Speeding up the cold start of your inference server is a key aspect of optimizing the performance. Here are some tips you could take to address this.

Keeping models in image

As we know, the cold start is a critical aspect of inference that can impact the performance and user experience. There are two core factors that contribute to this challenge:

  • Image pulling: When you deploy a model, image will be pulled from the Docker registry. This process can take some time.
  • Model pulling: The model should also be pulled from Huggingface Hub (opens in a new tab).
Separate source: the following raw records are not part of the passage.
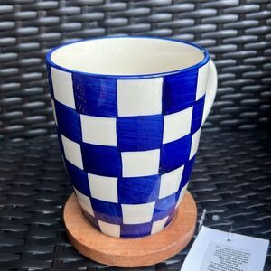 The mug is a ceramic cup with a bold, checkered pattern. The checks are alternating cobalt blue and white, giving it a graphic, eye-catching look. It has a classic, sturdy shape with a matching white handle. The mug is sitting on a small, round wooden coaster
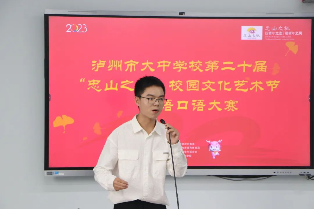 由泸州高中李林林、王琳老师指导的孙彧轩同学在泸州市大中学校第二十届“忠山之秋”校园文化艺术节英语口语大赛中荣获一等奖第一名。
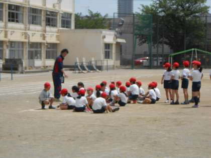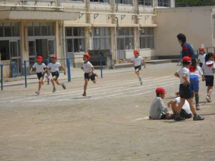 晴天のもと、3年生が徒競争の練習をしていました。順番に並び、走り終わったらしっかりしゃがんで待つことができていました。3年生のお兄さん・お姉さんになりましたね。走っている姿もたくましく感じました。
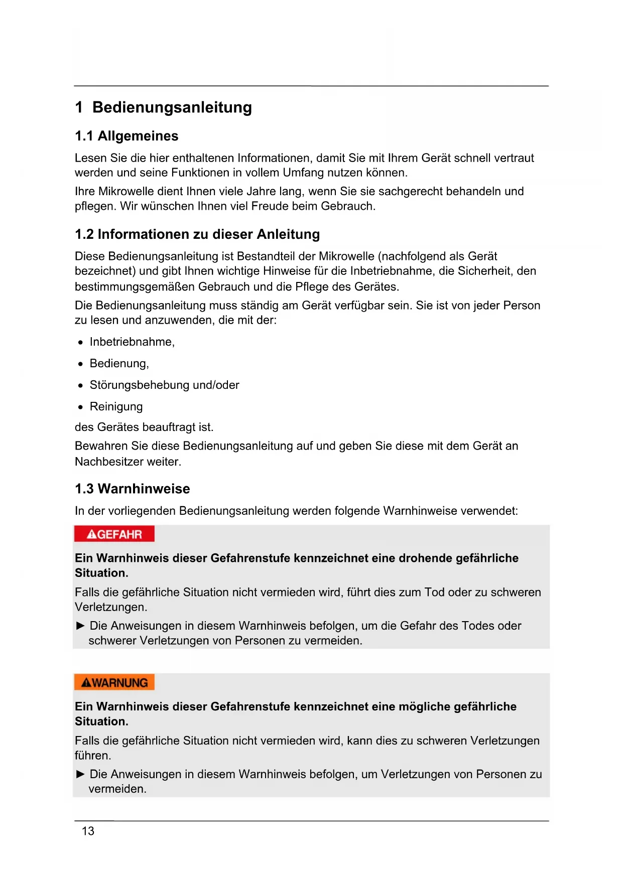 Diese Bedienungsanleitung ist Bestandteil der Mikrowelle (nachfolgend als Gerät bezeichnet) und gibt Ihnen wichtige Hinweise für die Inbetriebnahme, die Sicherheit, den bestimmungsgemäßen Gebrauch und die Pflege des Gerätes. Die Bedienungsanleitung muss ständig am Gerät verfügbar sein. Sie ist von jeder Person zu lesen und anzuwenden, die mit der: Inbetriebnahme, Bedienung, Störungsbehebung und/oder Reinigung des Gerätes beauftragt ist. Bewahren Sie diese Bedienungsanleitung auf und geben Sie diese mit dem Gerät an Nachbesitzer weiter.

Let's take stable diffusion v1.5 as an example. The inference server image is about 4GB. While the full runwayml/stable-diffusion-v1-5 (opens in a new tab) model on Huggingface Hub is approximately 20GB.

To mitigate the impact of the size of your model and related dependencies on the performance of your inference, we recommend that you keep your model in the image. This will reduce the time it takes to pull the model and the overall cold start time. Mosec could help you achieve this with --dry-run option.

WORKDIR workspace
# keep the model in the image
RUN python main.py --dry-run
# disable huggingface update check to accelerate the cold start
ENTRYPOINT [ "python", "main.py" ]
CMD [ "--timeout", "20000" ]

You could add RUN python main.py --dry-run in your Dockerfile.

Reduce the size of your image

It's still beneficial to reduce the size of your image wherever possible.

There are several strategies you could employ to reduce the size of your image, including:

  • Use a lightweight base image: Choose a base image that is lightweight, so that you are not carrying excess weight in your image.
  • Try envd (opens in a new tab) instead of Docker: If you're not familiar with Docker or building Docker images, then envd (opens in a new tab) could be a great tool to use. It provides a simplified interface for building images and can be used to build lightweight model serving images optimized for your specific use case.
  • Remove unnecessary files: Make sure that your image only includes the files and dependencies required to run your model - this can help reduce the overall size of your image.

Pre-loading or Pre-warming

One technique that can help reduce load times and improve the overall efficiency of your model serving is to load your models when initializing the server. This approach is commonly known as pre-loading or pre-warming the server.

This is enabled by default in Mosec. The worker initializes the pipeline from a pre-trained model. The model will be downloaded during the initialization.

Besides, you could also pre-warm the server with self.example. The example prompts will be used to warm up the server.

class StableDiffusion(Worker):
    def __init__(self):
        self.pipe = StableDiffusionPipeline.from_pretrained(
            "runwayml/stable-diffusion-v1-5", torch_dtype=torch.float16
        device = "cuda" if torch.cuda.is_available() else "cpu"
        self.pipe = self.pipe.to(device)
        self.example = ["useless example prompt"] * 4  # warmup (bs=4)
    def forward(self, data: List[str]) -> List[memoryview]:
        logger.debug("generate images for %s", data)
        res = self.pipe(data)
        logger.debug("NSFW: %s", res[1])
        images = []
        for img in res[0]:
            dummy_file = BytesIO()
            img.save(dummy_file, format="JPEG")
        return images